Part of the reason the Ravens got off to a slow start was the efforts of one Peyton Hillis, who ran for 144 yards on 22 carries against them in Week 3. It was Hiliis' breakout game in a season that few people expected – he's now the centerpiece of the Cleveland offense, and one of the league's most efficient backs.

However, his physical style is starting to wear him down, and with Baltimore finding their touch against backs of his caliber of late, you can understand why Ray Lewis and Co. have been making some rather brash statements about the guy who flummoxed them earlier in the year.

"A blind cat will find a meal every once in a while," Lewis said on Wednesday. "We understand the two big runs we gave up against them. My son could have run through the holes that we gave him in Baltimore. We just don't do that. When you find yourself getting caught out of gaps, that's what happens and it's his job to run through them. But when we get back to Cleveland this weekend, it'll definitely be a different outcome."

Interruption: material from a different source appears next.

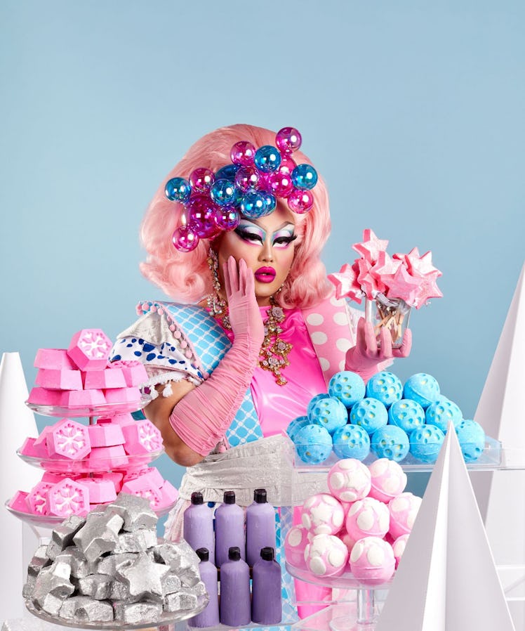 And finally, there's Kim Chi (RuPaul's Drag Race Season 8), who looks like the festive sugarplum fairy of your wildest dreams. “There’s a lot of fun vibrant colors, and I tried to mix a lot of prints, textures and colors. So a quilted masterpiece is what I’m serving you," she told Refinery29. She's also serving up an array of six different Lush products: Lush Cheery Christmas Bath Bomb ($5.95, lush.com); Lush Holey Night Bath Bomb ($6.95, lush.com); Lush Snow Fairy Jelly Bomb ($6.95, lush.com); Lush Star Light Star Bright Luxury Bath Melt ($8.95, lush.com); Lush Magic Wand Reusable Bubble Bar ($8.95, lush.com); and Lush Sleepy Naked Shower Gel ($9.95, lush.com).
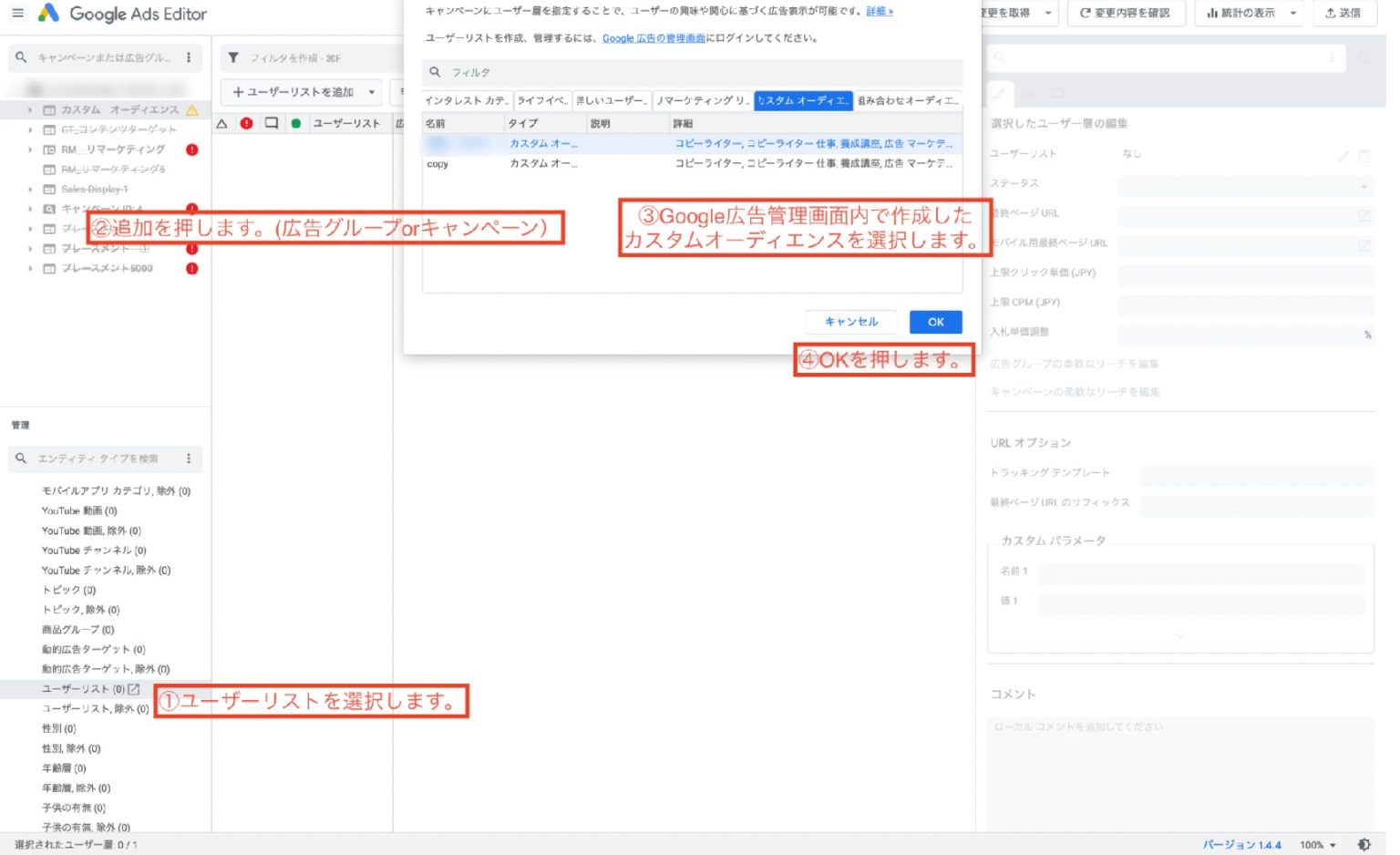 Google広告エディターでも反映が可能(前提として管理画面でカスタムオーディエンスを作成する必要がある)

The Ravens actually did keep Hillis in line early in the game – of his first 12 carries, six were for three yards or less, but you could see the defense start to bend as Hillis kept banging against it.

Though there were two runs of 10-plus yards before, Hillis really broke through with 4:06 left in the first half. The Ravens lined up in a four-man nickel look with cornerback Chris Carr (25) lined up to blitz – really, this was an ideal situation for Hillis, and I have to wonder what the Ravens were thinking, bringing a corner blitz and dropping a ‘backer against a team obviously led by a power running game.

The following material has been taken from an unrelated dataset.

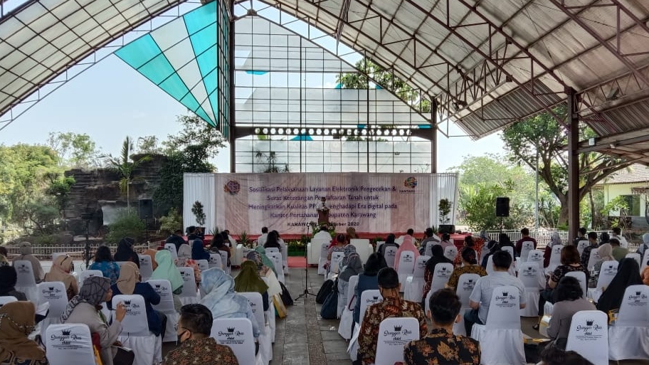 KARAWANG-Kantor Pertanahan Kabupaten Karawang Sosialisasi Pelaksanaan Layanan Elektronik Pengecekan dan Surat Keterangan Pendaftaran Tanah Untuk Meningkatan Kualitas PPAT Untuk Menghadapi Era Digital, Acara tersebut dikuti 150 peserta dan bertempat di Rumah Makan Indo Alamsari Karawang Barat, Rabu (14/10/20).
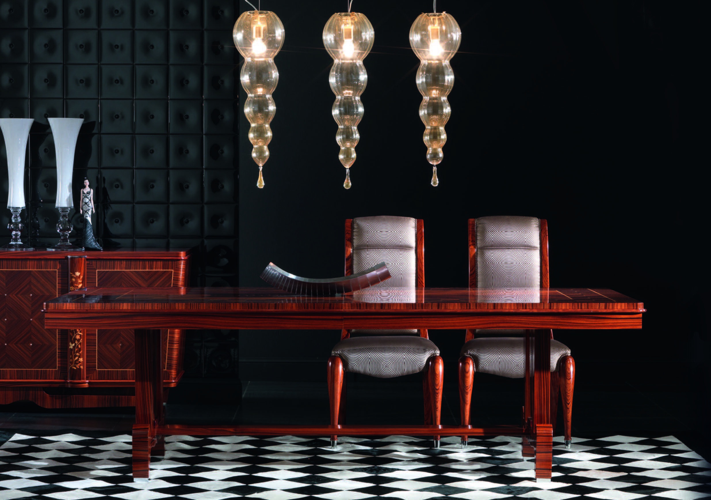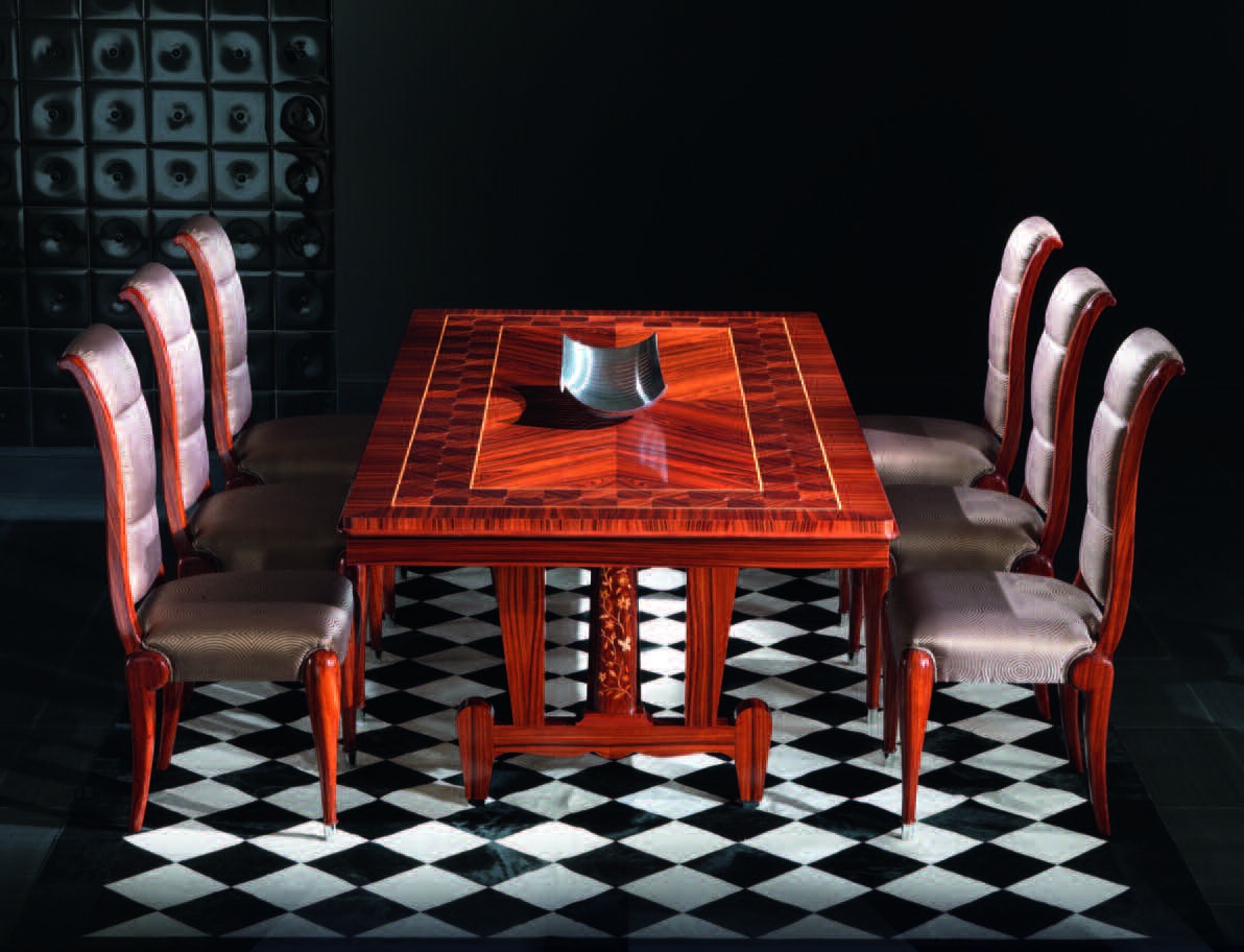 Folding dining table from Italian producer Armando Rho. The model is made from solid wood inlaid with combinations of several types of wood. Carving handmade. Colours in stock.

Hillis took advantage behind textbook blocking as right guard Floyd Womack and right tackle John St. Clair doubled end/tackle Trevor Pryce (90).

Left guard Eric Steinbach absolutely blew up linebacker Dannell Ellerbe (59) with a perfect pull block, and left tackle Joe Thomas took endbacker Terrell Suggs out of the play with Suggs' own pass-rush move. Where the Ravens' line discipline really broke down was up the middle – center Alex Mack was able to push tackle Cory Redding out of the way one-on-one.

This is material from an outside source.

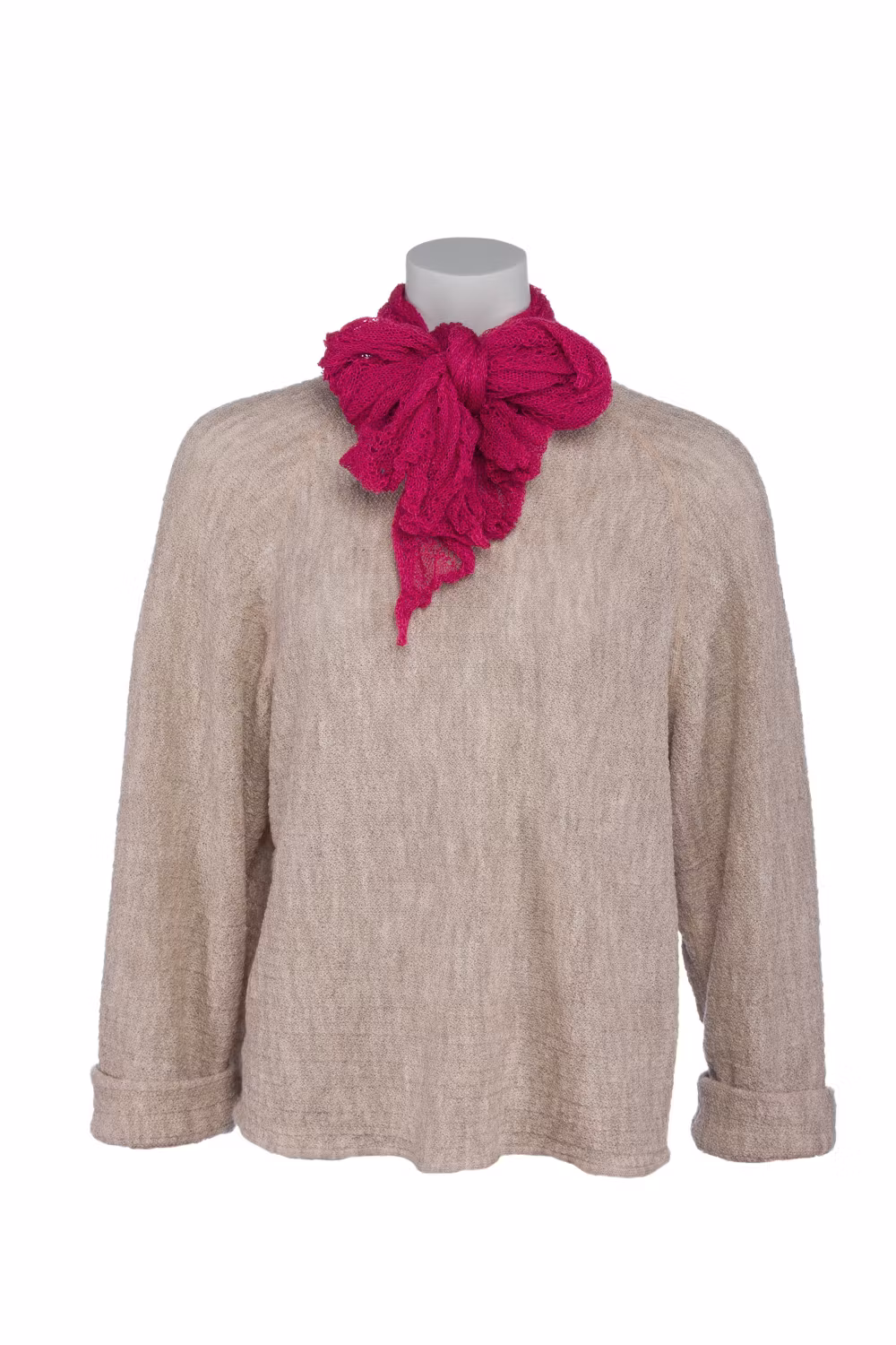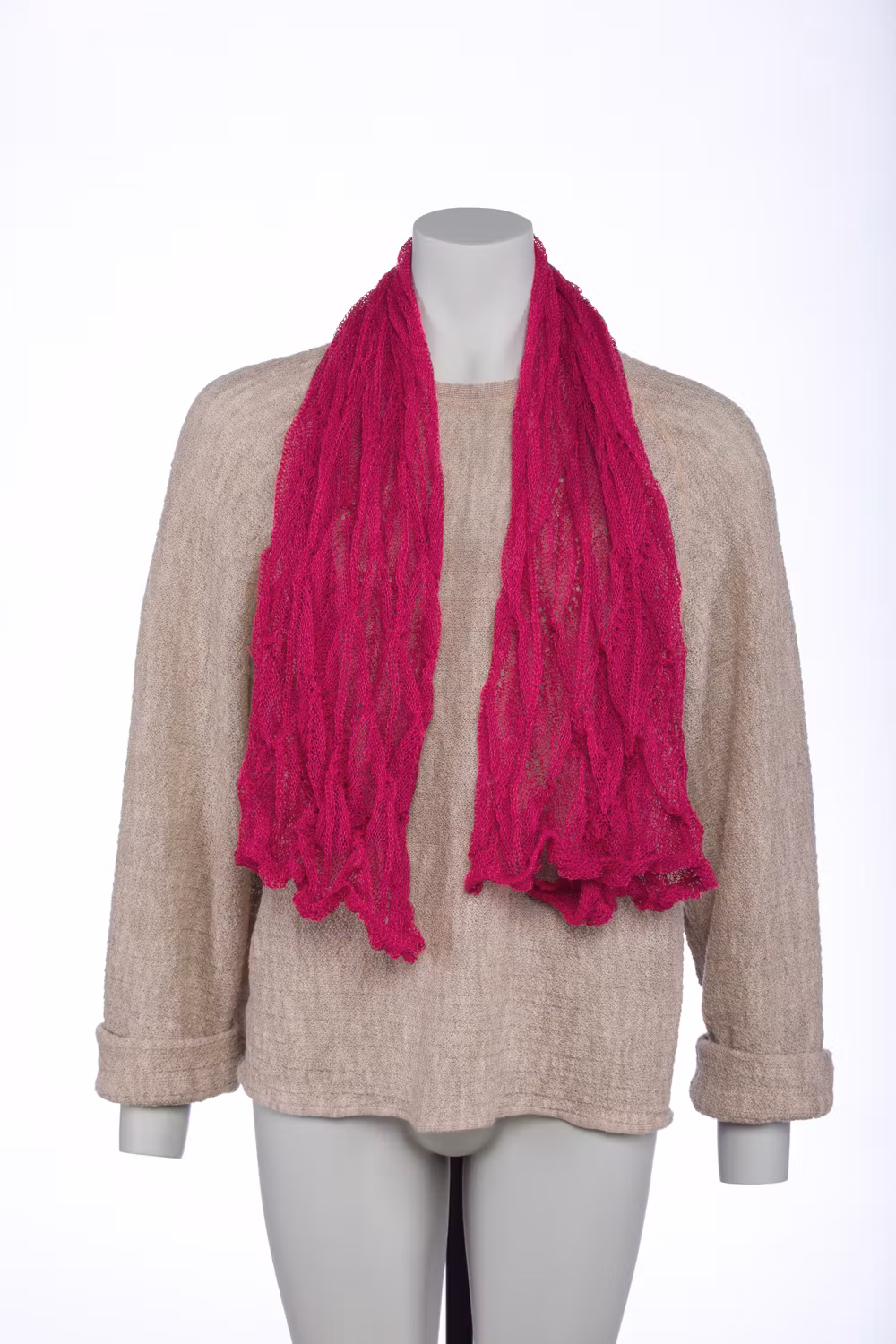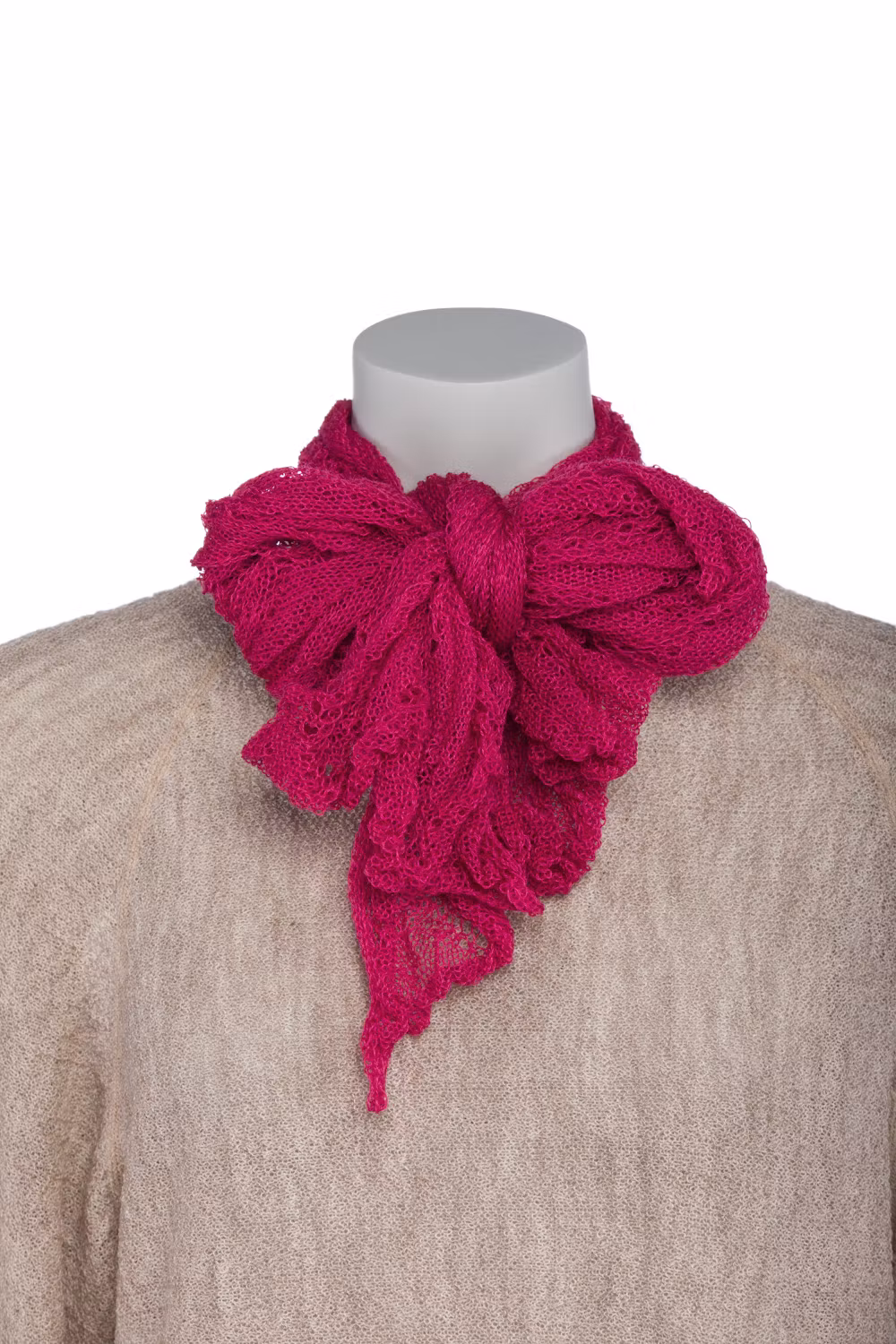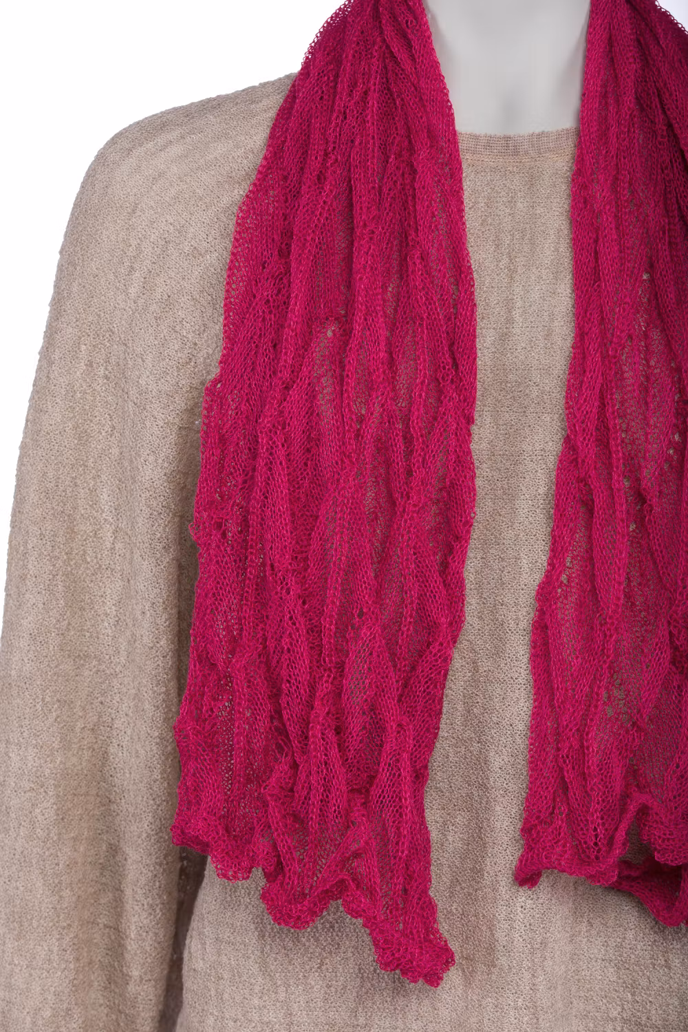 Sjal i lätt och skir spetsstickning. 100 x 30 cm.

This was a personnel issue as much as anything – if you have Haloti Ngata in Redding's spot, that's probably a different tale. Mack is great, but Redding is more a hybrid pass/run defender, and Ngata has been destroying opponents all season.

Still, Lewis was pushed out of the lane far too easily by an ancillary Womack second-level block, and this was a great example of the Browns' new focus on power blocking all the way around. That extended to receiver Chansi Stuckey, who blocked Carr out of the play, and Mohamed Massaquoi, who took care of Fabian Washington upfield out of a twins left formation.

With such fundamentals up front, all Hillis had to do was to blow through the lane provided and drag safety Dawan Landry about 10 yards downfield for the final 25-yard gain.

The Ravens are playing better run defense these days, but before they mouth off, they'd better take a harder look at the tape – it wasn't just their own lapses that provided Hillis' big day. The Browns' blocking had a lot to do with it, and a repeat performance is the key to a Week 16 upset.